WIP libgccjit codegen backend for rust

Chat on IRC

This is a GCC codegen for rustc, which means it can be loaded by the existing rustc frontend, but benefits from GCC: more architectures are supported and GCC's optimizations are used.

Despite its name, libgccjit can be used for ahead-of-time compilation, as is used here.

Motivation

The primary goal of this project is to be able to compile Rust code on platforms unsupported by LLVM. A secondary goal is to check if using the gcc backend will provide any run-time speed improvement for the programs compiled using rustc.

Building

This requires a patched libgccjit in order to work.

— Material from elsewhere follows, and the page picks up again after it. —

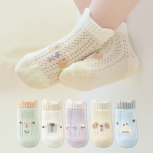 Made from a lightweight blend of cotton, nylon, and spandex, these socks feel soft on delicate skin and offer a snug yet stretchable fit. The thin mesh knit keeps feet dry and fresh on hot days, while the seamless, boneless design prevents irritation and discomfort—especially important for sensitive baby skin. Adorned with fun cartoon patterns, they add a cheerful touch to any summer outfit.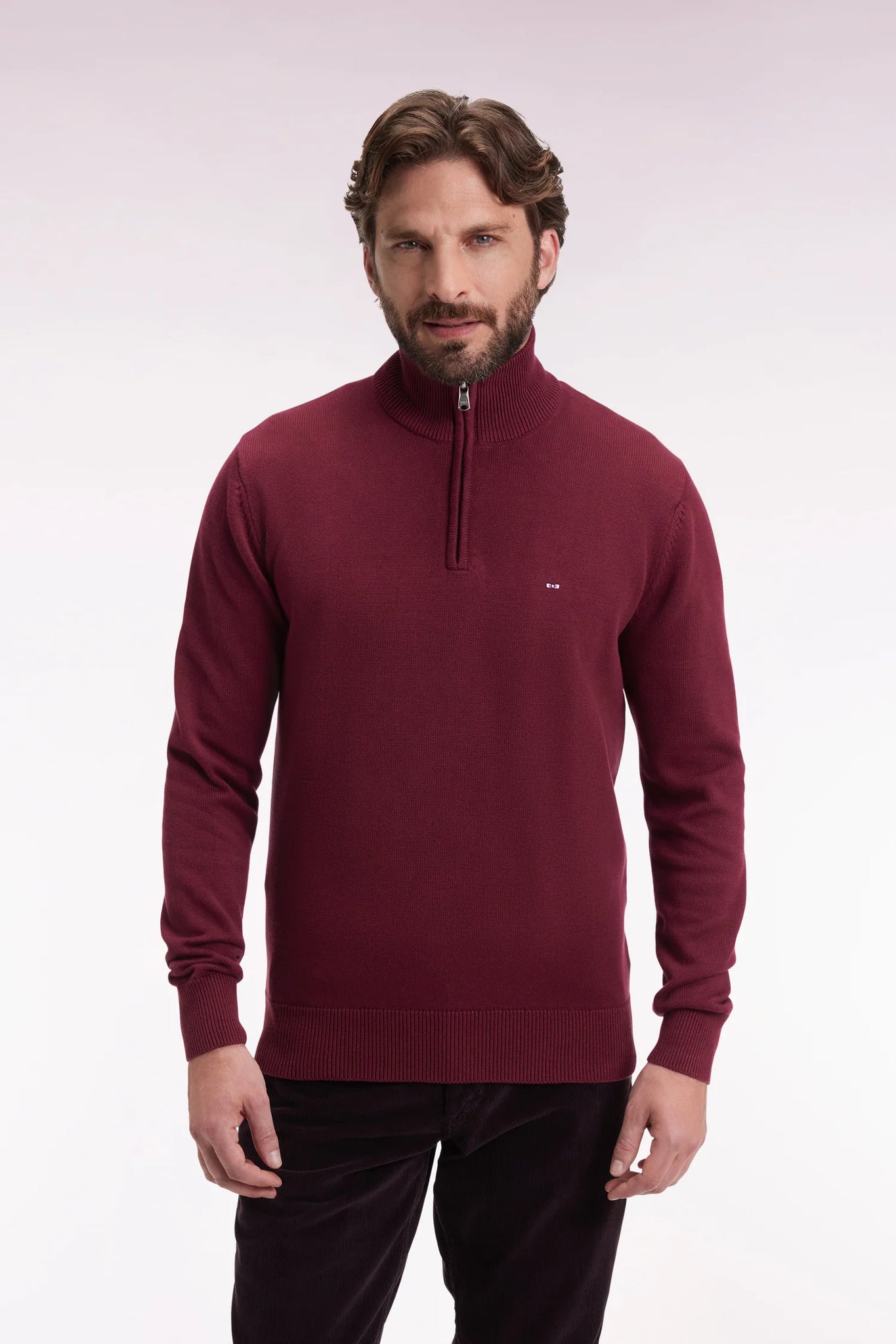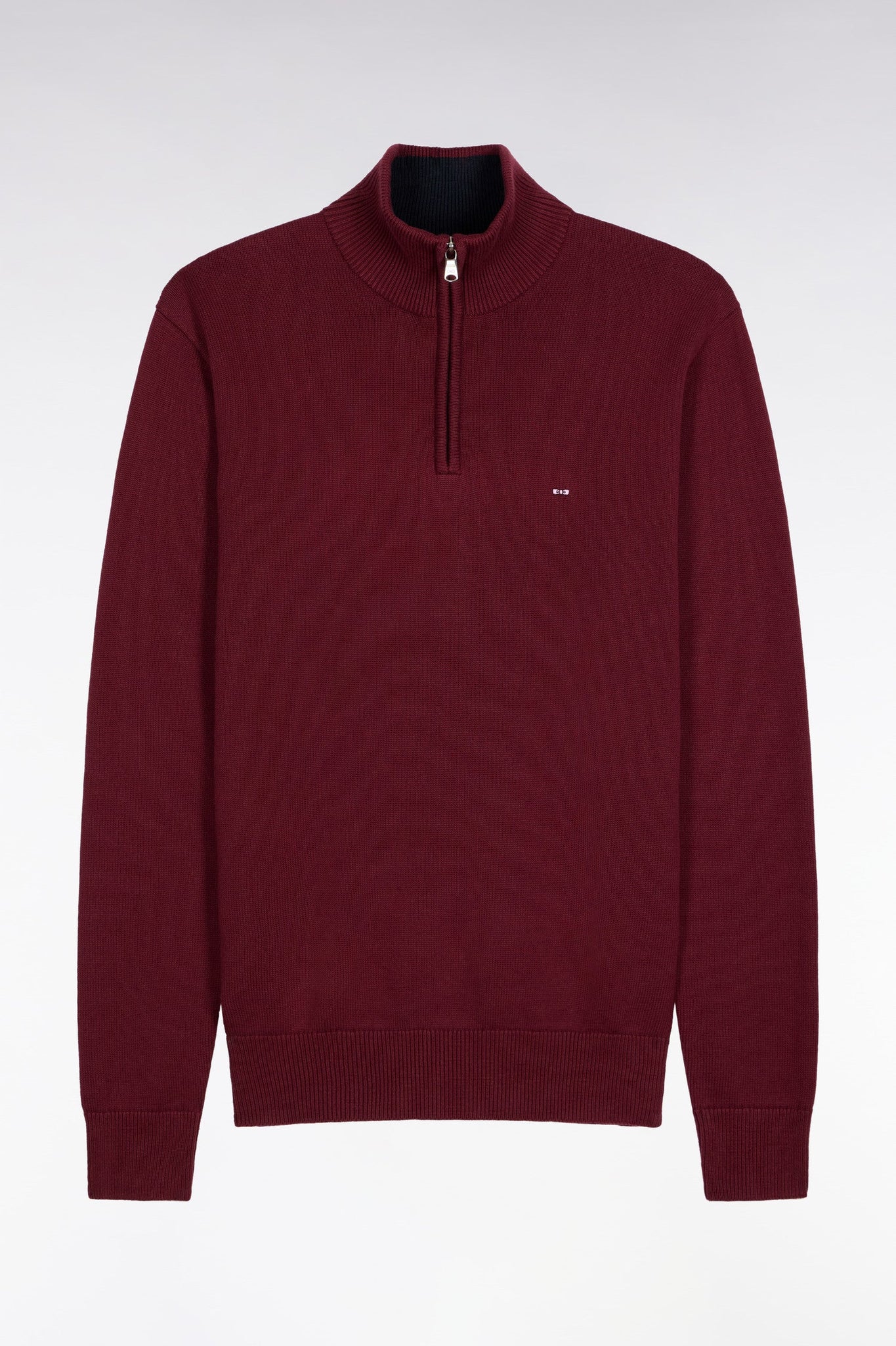 Designed for the first cold days, this men's zip-up trucker-neck sweater revisits our timeless model in a denser knit version. Made from 100% cotton, this semi-zipped sweater offers controlled warmth without sacrificing softness or breathability. Its high-zip collar allows you to modulate the look, closed for a structured silhouette or open for a more casual wear. Faithful to the DNA of our company, we feature the meticulous finishing touches that are the hallmark of Eden Park wardrobe essentials: bow-tie embroidery on the chest, knitted ribbing and rugby-striped half-moon inside.

The patches in this repository need to be applied. (Those patches should work when applied on master, but in case it doesn't work, they are known to work when applied on 079c23cfe079f203d5df83fea8e92a60c7d7e878.) You can also use my fork of gcc which already includes these patches.

To build it (most of these instructions come from here, so don't hesitate to take a look there if you encounter an issue):

$ git clone https://github.com/antoyo/gcc
$ sudo apt install flex libmpfr-dev libgmp-dev libmpc3 libmpc-dev
$ mkdir gcc-build gcc-install
$ cd gcc-build
$ ../gcc/configure \
    --enable-host-shared \
    --enable-languages=jit \
    --enable-checking=release \ # it enables extra checks which allow to find bugs
    --disable-bootstrap \
    --disable-multilib \
    --prefix=$(pwd)/../gcc-install
$ make -j4 # You can replace `4` with another number depending on how many cores you have.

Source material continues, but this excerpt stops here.